Al-Qur’an Dan Bahasa Arab

Soal bagaimana bahasa Arab menjadi salah satu syarat dalam mengulas kandungan al-Qur’an, agaknya pendapat yang dilontarkan oleh Ahmad Fuadi Efendi cukup argumentatif. Ia memaparkan bahwa bahasa Arab merupakan bagian dari bahasa Semit. Menurutnya, bahasa Semit cukup banyak yaitu bahasa Semit Timur, bahasa Semit Barat, bahasa Semit Selatan, dan bahasa Semit Tengah. Akan tetapi tiga dari empat bahasa sebagaimana  penulis paparkan di muka, pada hakikatnya sudah punah, termasuk bahasa Akkadian yang menurut sejarawan sangat populer dalam kurun waktu 2500-600 SM.

Bahasa Arab sendiri dalam hal ini merupakan turunan dari bahasa Semit Selatan. Hal itu dibuktikan dengan penemuan yang dilakukan oleh Ahmad Fuadi yang juga mengutip pendapat Verrsteg bahwa ada kesamaan semiotik antara bahasa Semit Selatan dengan Bahasa Arab. Argumentasi ini, penulis rasa ditopang dengan fakta historis di mana Islam bukanlah seperangkat ajaran yang berdiri sendiri. Historisitas Islam sebagai agama normatif, merupakan ajaran yang bersifat hybrida. Artinya ia punya keterkaitan yang saling berkelindan dengan agama-agama sebelumnya.

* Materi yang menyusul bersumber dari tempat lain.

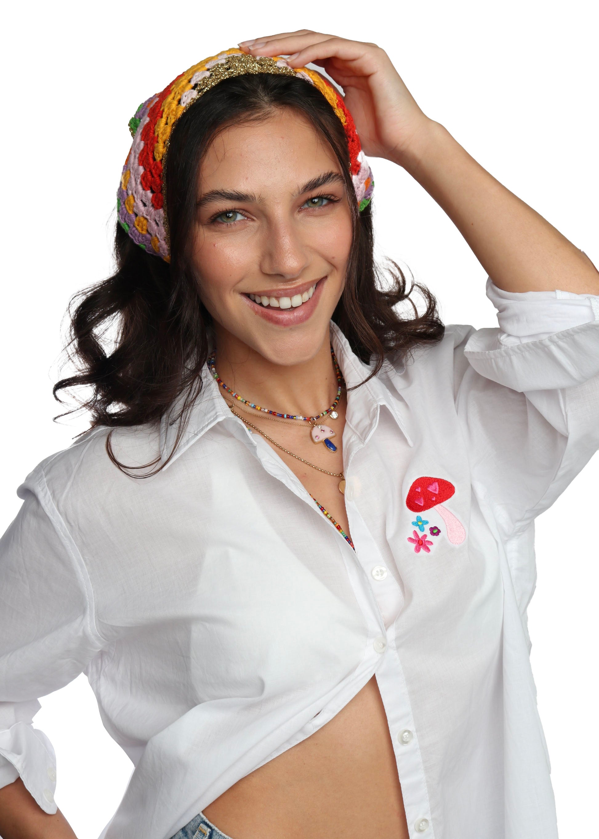 100% Lightweight Cotton button-down shirt with good vibes chest embroidery. One Size fits S-L. Hand wash / dry clean only.
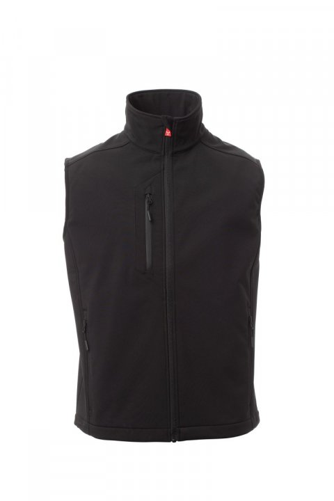 WP 8000 mm H₂O, WVT 5000 g/m² 24h. Tvílitt þriggja laga skelvesti (soft-shell) fyrir karla, rennilás með „hálfsjálfvirkum“ málmsleða og sérsniðnu stykki til að toga í. Tveir hliðarvasar með rennilás, einn brjóstvasi með rennilás með varnarhlíf. Endurskinsbryddingar á berustykki á baki. Neðsti hluti jakkans er stillanlegur með sérsniðnum stoppurum.

Pendapat di atas juga didasarkan pada temuan Dr. Sa’dullah Afandi, MA, tentang teori nasikh dan mansukh pada ayat-ayat al-Qur’an. Di mana pada titik kesimpulannya ia menyatakan bahwa Islam tidak melakukan abrogasi atas agama-agama sebelumnya. Argumentasi lain soal Islam sebagai agama samawi, penyempurna dan bukan pencabut agama-agama sebelumnya juga dipaparkan oleh Dr. Zakky Mubarak, MA. Ia menegaskan bahwa Islam diturukan kepada Nabi Muhammad sebagai kelanjutan dari misi Nabi-nabi sebelumnya yang bertujuan untuk mengemukakan kembali (rekonfirmasi) ajaran tauhid (monotisme).

Dengan demikian, jika merujuk pada beberapa alasan yang dikemukakan para sarjana Muslim tersebut, maka tidak sedikit kita temukan di dalam al-Qur’an beberapa kalimat yang bukan berasal dari bahasa Arab. Kalimat tersebut berasal dari bahasa Ibrani yang menurut Ahmad Fuadi bagian dari bahasa Semit. Mungkin karena latar belakang inilah kajian tafsir dewasa ini begitu menggeliat dengan corak dan pendekatan yang bermacam-macam.

Al-Qur’an Dari Verbatim ke Teks

Muncul persoalan krusial yang sepertinya membutuhkan diskusi panjang soal bagaimana sebuah wahyu yang dalam hal penyampaiannya melalui pesan oral menjadi sebuah teks. Kegelisahan ini tampaknya mempengaruhi penulis untuk memasukkan proses ihwal terjadinya transformasi dari tradisi lisan ke tradisi tulisan. Islam yang lahir dan tumbuh di tanah Arab yang kala itu masih belum menjadikan tradisi tulisan sebagai standar pakem dalam menyampaikan pesan-pesan agama, menjadikan titik pijak dari kegelisahan ini.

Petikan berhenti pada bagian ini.